While the trip did not qualify as wilderness experience, it was encouraging to see so many people enjoying the place. It’s popular. And I didn’t notice any derision of the project at the edge of town: construction of a new federal joint agency recreation headquarters. It’s going to be an economic development of the sort that can’t be convincingly ridiculed, even by the underemployed locals who think sending a bulldozer up a roadless canyon is an act of political courage and gather at the Golden Loop to talk about guns and liberals.
But it occurs to me that what the Clinton administration got started at Escalante is a good example of what the Bush administration opposes, under the premise that we need to take care of existing parks as opposed to using the same money to create new ones (the Bush administration is doing neither).
On the same trip through the natural wonders of southern Utah we also met two uniformed National Park Service personnel, Ranger Bill and Ranger Barbara, who personified the argument against another gimmick in the Bush administration’s implicit intent to disable the national park system.
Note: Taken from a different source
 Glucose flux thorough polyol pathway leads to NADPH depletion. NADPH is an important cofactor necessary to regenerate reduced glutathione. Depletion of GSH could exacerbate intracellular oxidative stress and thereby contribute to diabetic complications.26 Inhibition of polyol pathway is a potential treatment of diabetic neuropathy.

This is the proposal to privatize most of the parks, turning their management over to for-profit contractors. This sometimes is called “outsourcing.”
For about two decades, Ranger Bill has been patroling the Escalante canyons, which are administered by the park service as part of the Glenn Canyon National Recreation Area. He works alone and must walk thousands of miles a year. We met him several years ago in a neighboring canyon, and Ranger Bill is famous for his one-man battle against salt cedars. Wherever he goes in the Escalante country, he cuts them down by hand, sometimes on his days off. His work is not part of the competitive outsourcing equation proposed by the Bush administration. You cannot get private enterprise to cut down salt cedars on its own time.
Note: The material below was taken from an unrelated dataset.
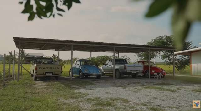 โดยเล่าว่า "คนเราอายุไม่ถึง 100 ปี ผมเกษียณมาแล้วก็ใช้บำนาญในแบบของผม ก็เลยมาเป็นบ้านหลังนี้ ถ้าวันนึงผมล้มหายตายจากไป ก็ไม่เสียชาติเกิด ผมไม่ได้มีเงินทองมาก แต่มีสมบัติให้ลูกเมีย วันนึงถ้าพ่อได้จากไป ได้สร้างตรงนี้ไว้ให้ลูกแล้ว มีบ้านไม่ต้องผ่อน มีที่อยู่อาศัย มีที่กิน มีนาข้าว ถ้าอยู่แบบรู้ระดับตัวเอง กับเงินที่มีไว้ให้ ลูกเรียนจบมหาวิทยาลัยที่ต่างจังหวัดได้เลย"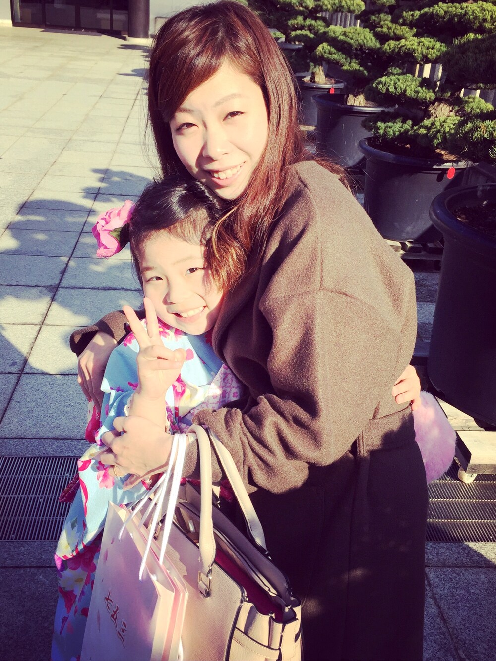 七五三と言う事で控え目にグリーンの 襟のついていないロングコートに ベージュのバッグを持ち、落ち着いた雰囲気に❤️ 始めたばっかりなので まだまだですが、楽しみながらコーデの 勉強していきます‼︎

A few days later, we ran into Ranger Barbara in a remote area of Canyonlands National Park. She also works alone — as the protector of Horseshoe Canyon, which contains probably the oldest, and certainly most mysterious, rock art in the Southwest. Ranger Barbara with her husband live in a trailer on a mesa, and it seems to be a lonely life, except for the canyon where she has worked for two decades, resisting transfers or promotions.
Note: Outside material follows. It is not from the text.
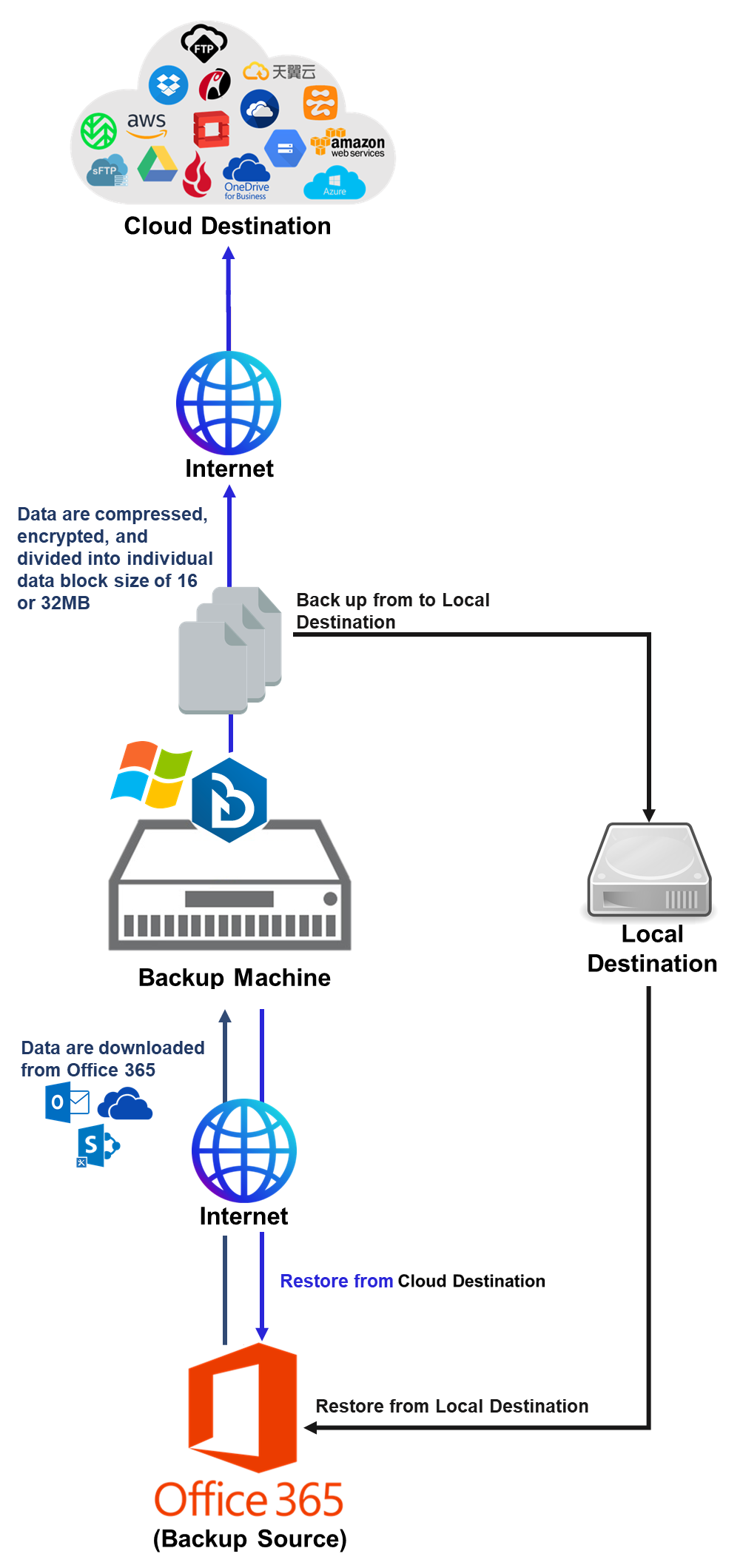 Office 365 SharePoint, Exchange, OneDrive Backup Module for CloudBacko Pro

Since there were no other visitors that morning, Ranger Barbara took us on a four-hour tour. She seemed to know every painted figure in the canyon in intimate detail, but she said she saw something new every day. She named dozens of plants, told stories about everything from a cougar kill to the strange visitor who confessed that he was a space alien. She saw a rock with initials newly carved on it — something that had not been there the day before — and buried it and made a note.
Back at the rim of the canyon we thanked Ranger Barbara and she nodded. She said she was doing her job. But of course the knowledge and spirit and dedication and love of the country was not in the job description. You can’t put a price on this sort of pride. You can’t acquire it through competitive outsourcing.
What you get instead is the sort of ranger we met in the parking lot at the base of the Elephant Hills trail in Canyonlands. We had spent three days in the back country and were sitting on the tailgate taking stock. The ranger arrived in a government pickup. He approached in the way that police officers approach suspects. He asked if we had been backpacking, and we said yes. He asked where, and we told him.
He smiled an official smile and pushed up his sunglasses and said, “Do you have a permit?” I pulled it out of the pack. He said that the regulations required that it be visible at all times. And so forth, until he reentered his truck and drove away to find another citizen to harrass.